Brian Eno's Ambient album from 1982. Standard 1 LP version.. Though not the earliest entry in the genre (which Eno makes no claim to have invented), ‘Ambient 1 (Music For Airports)’ was the first album ever to be explicitly labelled ‘ambient music’. Eno had previously created similarly quiet, unobtrusive music on albums ‘Evening Star’, ‘Discreet Music’, and Harold Budd's ‘The Pavilion of Dreams’ (which he produced), but this was the first album to give it precedence as a cohesive concept. He gave his explanation of and aspirations for ambient music in this short 1978 essay.

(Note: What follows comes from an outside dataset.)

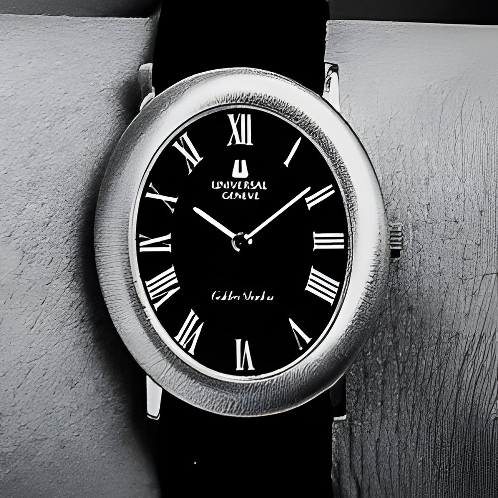 Universal is introducing in Basle a new “Golden Shadow” collection exclusively composed of ladies ’ watches They are fitted with an ultra-thin (2.5 mm thick at most) seifwinding movement mounted on ball bearing, four of which are built in directly, a technical feat in this type of thin movement. It is shock-protected. The watch pictured here is in 18 carat gold with bassine-shaped case (rounded flanks), slate dial and large Roman numerals. (UNIVERSAL GENEVE “Golden Shadow”)

Eno conceived the idea for ‘Music For Airports’ while spending several hours waiting at Cologne Bonn Airport, becoming annoyed by the uninspired sound and the atmosphere it created. The recording was designed to be continuously looped as a sound installation, with the intent of defusing the tense, anxious atmosphere of an airport terminal, by avoiding the derivative and familiar elements of typical ‘canned music’.
The album features contributions from Robert Wyatt and Rhett Davies. ‘Ambient 1 (Music For Airports)’ was followed by Harold Budd and Brian Eno’s ‘Ambient 2 (The Plateaux of Mirror)’ and ‘Ambient 3 (Day Of Radiance)’ by Laraaji, which was also produced by Eno.